TXU indicated that the alternative policy was a ‘very positive advance which has the potential to provide benefits both to participants in the South Australian gas market and ultimately to consumers of both gas and electricity in South Australia’.460

Origin indicated that it was an appropriate method to allocate spare capacity to incremental users in circumstances where:461


  • Users with contracts have been given the opportunity to renew their contracts and have decided not to recontract;

  • Existing users’ requirements for gas have been satisfied. Origin consider that the intent of Section 6.15(d) of the Code is that existing users of gas should have priority over incremental users.

A number of parties made comments in relation to the details of the proposed policy, which are outlined below.

  • Energy SA, ANP, AGLES&M and TXU submitted that the queuing policy for existing capacity should provide for conciliation and/or negotiation prior to arbitration. This is on the basis that an outcome arising out of conciliation / negotiation is more timely and cost effective.462

    In relation to the terms of conciliation / negotiation, ANP and TXU argued that participation should be voluntary and if one party withdraws the dispute would automatically go to arbitration.

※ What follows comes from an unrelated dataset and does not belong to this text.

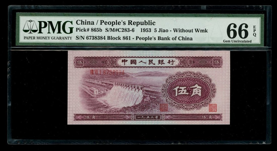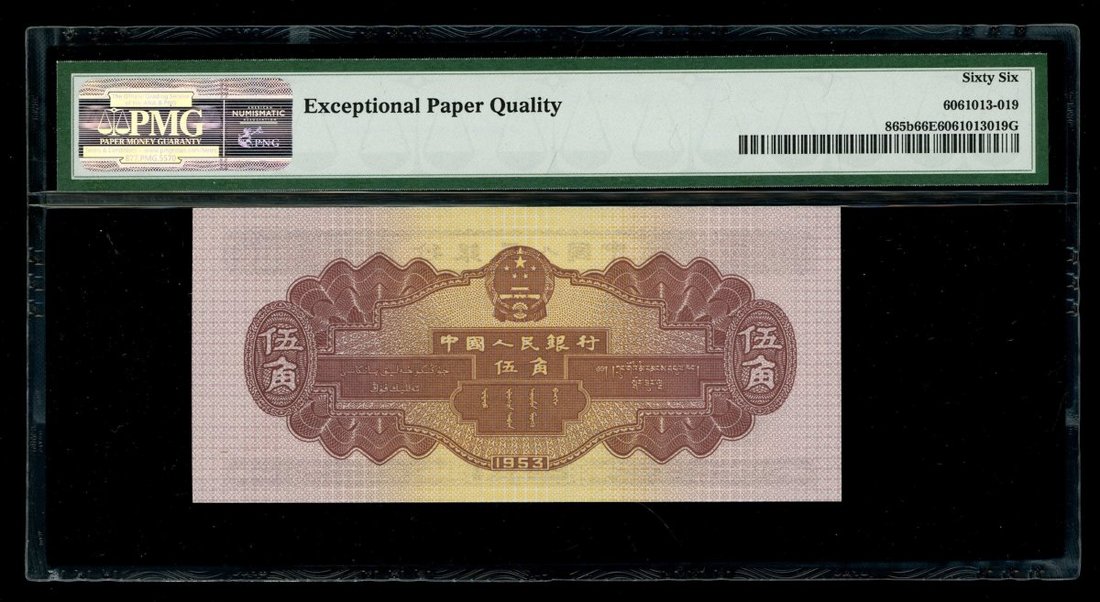 1953年中國人民銀行第二版人民幣伍角,編號VIII VI I 6738384,PMG 66EPQ
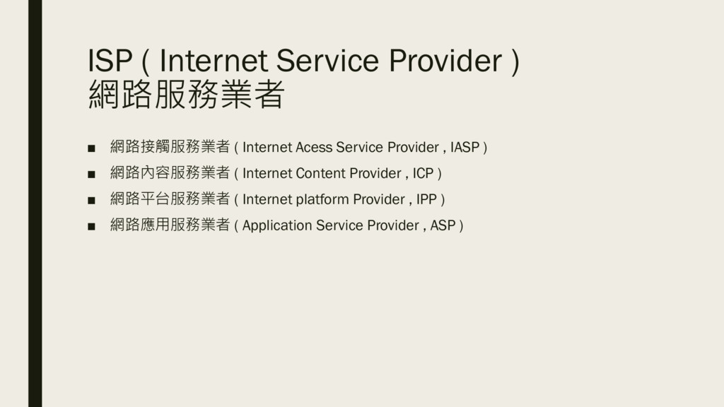 Internet Acess Service Provider , IASP ) ▪ 網路內容服務業者 ( Internet Content Provider , ICP ) ▪ 網路平台服務業者 ( Internet platform Provider , IPP ) ▪ 網路應用服務業者 ( Application Service Provider , ASP )

  • ANP submitted that there should be a definite time period for each stage of the process.463 ANP and TXU both suggested that the dispute process should have a final closing date for all requests for capacity.464 TXU indicated that 60 days would be a reasonable period for the submissions of requests for service.

  • AGLES&M and Energy SA submitted that requests for developable capacity should be aggregated rather than dealt with on a first in first served basis.465 AGLES&M argued that this was necessary because different tranches of developable capacity may have different costs, and therefore would need to be offered to customers at different prices on the basis of their priority in the queue. AGLES&M suggested that developable capacity and existing capacity should be dealt with in a single process because having separate queuing policies is not workable in practice.

  • TXU submitted that a queue was not necessary for developable capacity because an operator would presumably be prepared to augment the pipeline to meet new demand.466

  • ANP noted that the process provided for must not compromise, deteriorate or over ride the rights available to access proponents under the arbitration process described in the GPAL.467

  • Energy SA submitted that it would be preferable for the regulator to opt not to be the arbitrator given that the focus of the arbitration should be on achieving an outcome which is commercially acceptable to all parties.468 Additionally, Energy SA suggested that alternative means of allocating capacity could be adopted in limited circumstances, such as an auction and the allocation of contracted but unused capacity to a prospective user for a fixed time.

  • TGT submitted that the proposed queuing policy was unnecessary as the capacity allocation issue which has arisen in relation to 2006 will be resolved under 1995 South Australian access law. However if an arbitration process was included in the access arrangement, it should be confined to the 2006 capacity issue. TGT argued that such a process would be cumbersome if it was to apply to spare capacity for any quantity every time it arose.469

  • TXU noted that as the proposed process was not a queue that the concept of a queue should be dispensed with.470

  • TXU submitted that for the process to operate efficiently and effectively, there should be a requirement that service requests should be made ‘in good faith, reflect a proponent’s reasonable commercial requirements and be one to which the proponent is prepared to immediately commit by entering a contract.